Ingredients
Ingredients for Sandesh Mishti
Full cream milk - 1 liter
Lemon - 2
Powdered sugar - 1/3 cup (50 grams)
Cardamom - 5
Saffron - 20 to 25 threads
Pistachios - 10 to 12
Directions
Getting ready: Take milk in a vessel with heavy base or bottom and let it simmer on low flame.
Add some water to the lemon juice.
Making:
When you see gentle boil in the milk, turn off the flame and let the milk cool down a little.
Now add lemon water to the slightly warm milk in small portions.
Stir and keep stirring constantly.
When the milk starts to coagulate, then stop adding milk.
Strain this mixture through a muslin cloth and pour some cold water over it.
Hold the cloth tight and squeeze out every drop of water from it. Chena is ready, transfer it to another plate and start mashing it. Keep kneading for 5 to 6 minutes until smooth.
Mix some cardamom powder as well. Thinly chop the pistachios. Now mix saffron and powdered sugar in chena and mix well. Heat a non stick pan and add chena into it.
Stir continuously and stir roast for 3 to 4 minutes.
Turn off the flame and transfer the chena into another plate.
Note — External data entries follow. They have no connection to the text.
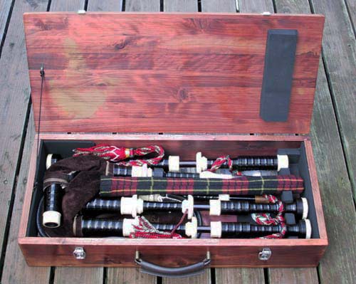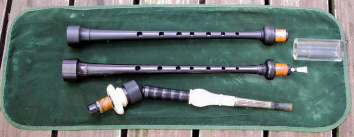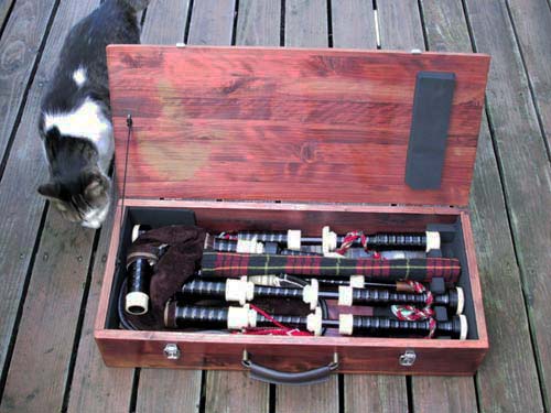 上がプラスティック、下がウッドです。当然ですが艶が違います。でも、プラスティックのチャンターも、なかなか良い味わいでしょう。 右側に見えているアクリル製のリードキャップはもう25年程使っているけど、全くくもったりしない山根先生作による優れもの。海外のどんなパイパーも持って無い…。 一番下に見えているのは、これまた優れもののユニバーサル・ジョイント付きの「曲がるブロー・パイプ」。演奏しているカッコはあんまり良いとは言えないけど、このお陰で演奏は随分楽になりました。こんなブローパイプが工夫される以前は、疲れてきて口が閉まり切らなくなった頃には、なんとかして口から逃げていこうとするブローパイプを押さえ込むだけでも大変でした。 今回、こうしてパイプケースのことを書いてきて思ったのは、ハイランド・パイプってのは原始的な楽器だけあって扱うのがとても楽しい。そして、楽器の構造から言って、ケースにもこのように様々な工夫ができるってのもこれまた楽しい。 う〜ん、何と言ってもハイランド・パイプは楽しいよ〜。 |
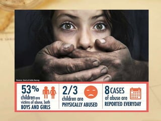 The document provides an extensive overview of child abuse, defining it as acts of physical, emotional, or sexual abuse towards minors, often perpetrated by caregivers. It discusses various factors contributing to child abuse, its long-term effects, and different forms including neglect, emotional abuse, and sexual abuse, supported by sobering statistics on prevalence. Additionally, it outlines governmental measures such as the Protection of Children from Sexual Offences (POCSO) Act aimed at preventing and addressing these abuses.
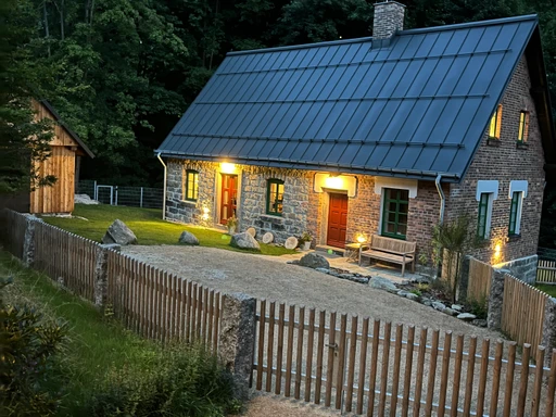 Jedlový potok v Josefově Dole není obyčejné ubytování. Je to dům s pamětí, postavený z kamene a cihel, který kdysi sloužily sklářům. Citlivá rekonstrukce zachovala jeho duši – a doplnila ji o promyšlený interiér, kde každé světlo, tkanina i kus dřeva zapadá přesně tam, kam má.
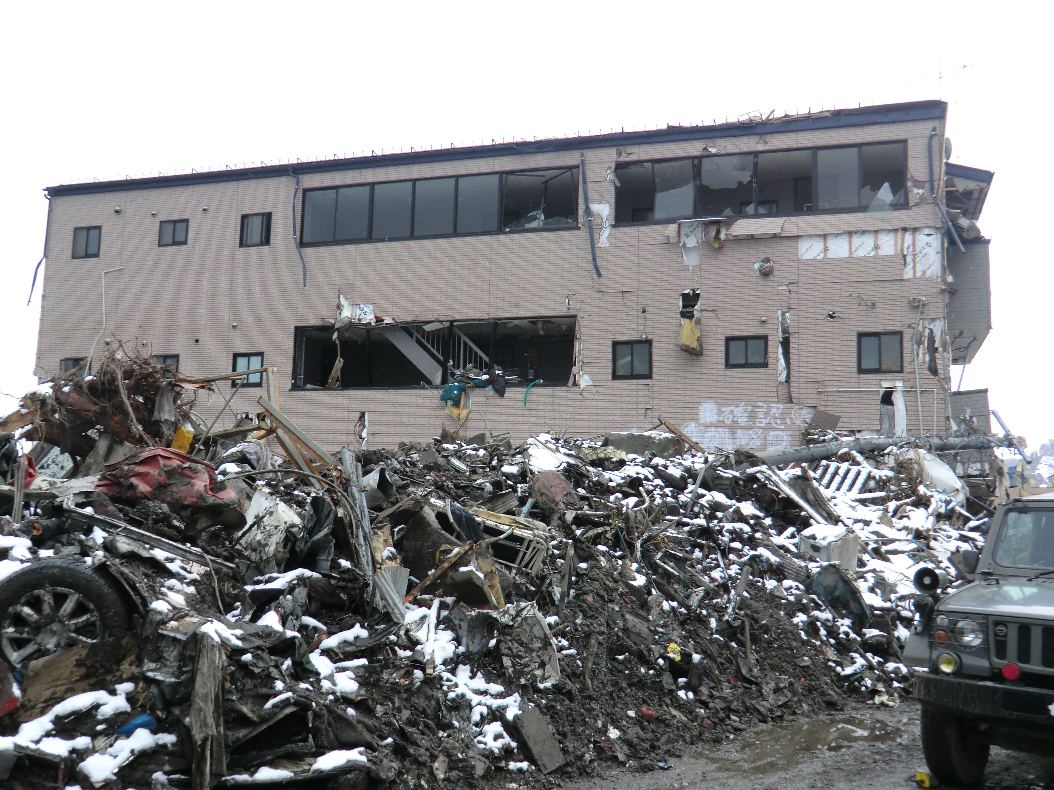 捜索活動の様子 拡大表示 ダウンロード 識別子 : 1369 タイトルよみ : ソウサクカツドウノヨウス 說明・要約 : 被災した建物と周辺のガレキ、捜索車両の様子 作成者(撮影者) : 堺市消防局 作成者(撮影者)よみ : サカイシショウボウキョク 提供者 : 堺市消防局 提供者よみ : サカイシショウボウキョク 撮影(作成)場所 : 岩手県上閉伊郡大槌町 大槌町 撮影(作成)場所よみ : イワテケンカミヘイグンオオツチチョウ オオツチチョウ 作成日・撮影日 : 2011年 3月 17日 カテゴリー : 捜索活動 地域 : その他 備考 : 堺市消防局提供 震災事象 捜索・救出活動 > 自衛隊と外部応援部隊との協力による救出活動 > 緊急消防救助隊が、救助救出活動を実施。

Let it cool down and then mix cardamom powder into it.
Then pinch small lump from the mixture and roll into a oval shape peda.
Keep it over a plate.
Garnish with some chopped pistachios and continue doing the same until the entire chena is utilized.
Serving:
Sandesh are now done and ready to serve. Store the rest in any container. Enjoy!